What needs to be done -
Write the listing below out again exactly, dropping the images.

Data excerpt -
☆ ☆ ☆

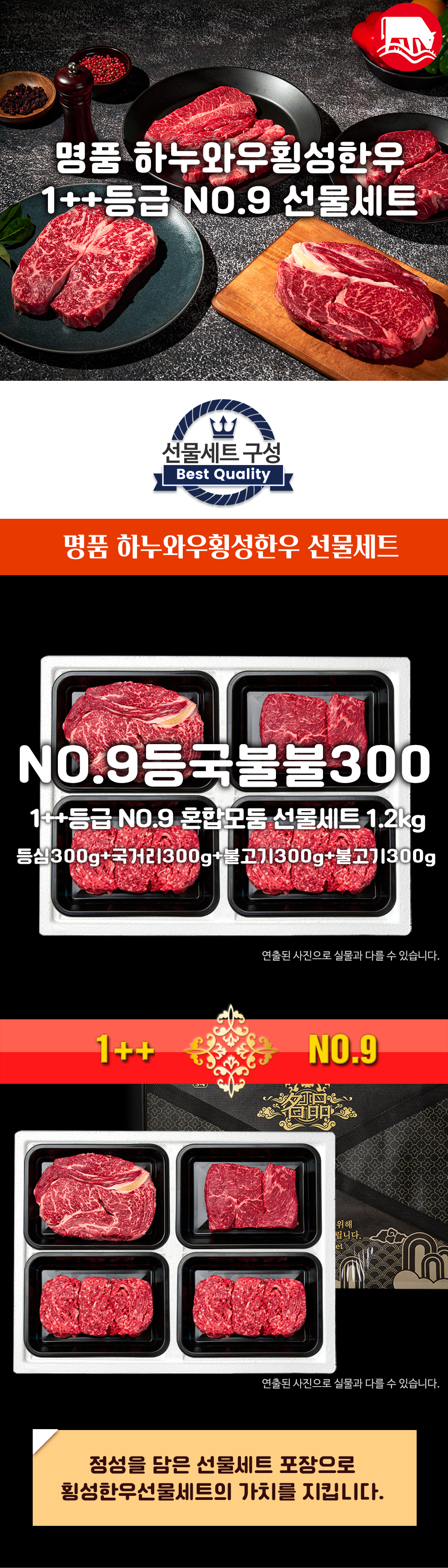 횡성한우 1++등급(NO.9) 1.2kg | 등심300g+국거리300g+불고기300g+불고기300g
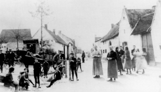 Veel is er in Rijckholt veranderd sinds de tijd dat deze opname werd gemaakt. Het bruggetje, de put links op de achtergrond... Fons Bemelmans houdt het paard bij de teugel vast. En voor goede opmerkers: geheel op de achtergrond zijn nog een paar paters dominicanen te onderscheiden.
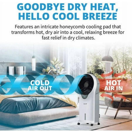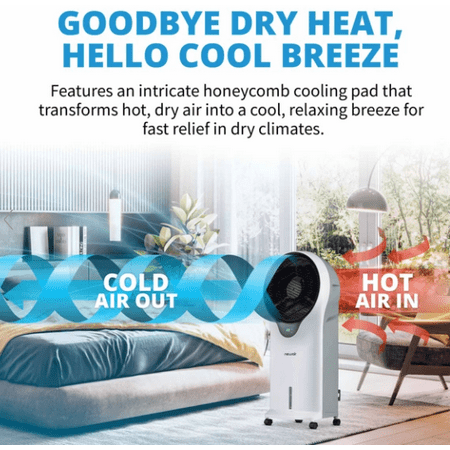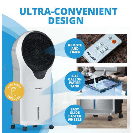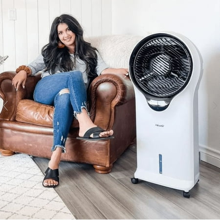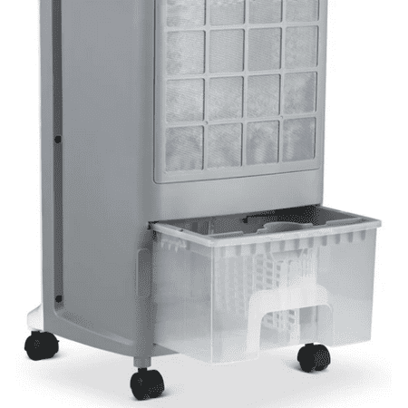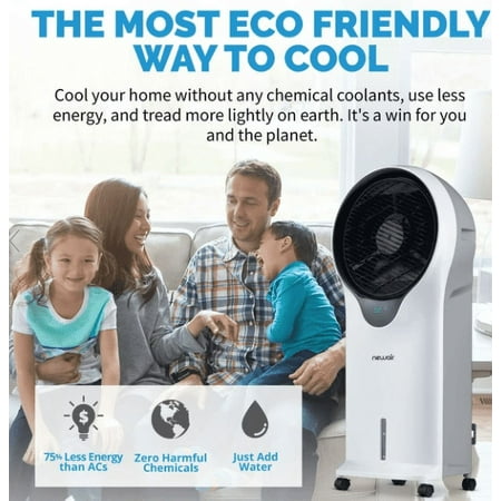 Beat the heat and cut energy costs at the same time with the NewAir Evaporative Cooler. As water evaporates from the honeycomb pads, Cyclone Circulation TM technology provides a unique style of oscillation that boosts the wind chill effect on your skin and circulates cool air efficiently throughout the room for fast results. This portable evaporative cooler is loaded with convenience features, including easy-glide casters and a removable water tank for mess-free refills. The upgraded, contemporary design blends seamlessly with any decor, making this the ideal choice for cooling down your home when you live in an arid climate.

☆ ☆ ☆

Answer area -
 횡성한우 1++등급(NO.9) 1.2kg | 등심300g+국거리300g+불고기300g+불고기300g
 Veel is er in Rijckholt veranderd sinds de tijd dat deze opname werd gemaakt. Het bruggetje, de put links op de achtergrond... Fons Bemelmans houdt het paard bij de teugel vast. En voor goede opmerkers: geheel op de achtergrond zijn nog een paar paters dominicanen te onderscheiden.
 Beat the heat and cut energy costs at the same time with the NewAir Evaporative Cooler. As water evaporates from the honeycomb pads, Cyclone Circulation TM technology provides a unique style of oscillation that boosts the wind chill effect on your skin and circulates cool air efficiently throughout the room for fast results. This portable evaporative cooler is loaded with convenience features, including easy-glide casters and a removable water tank for mess-free refills. The upgraded, contemporary design blends seamlessly with any decor, making this the ideal choice for cooling down your home when you live in an arid climate.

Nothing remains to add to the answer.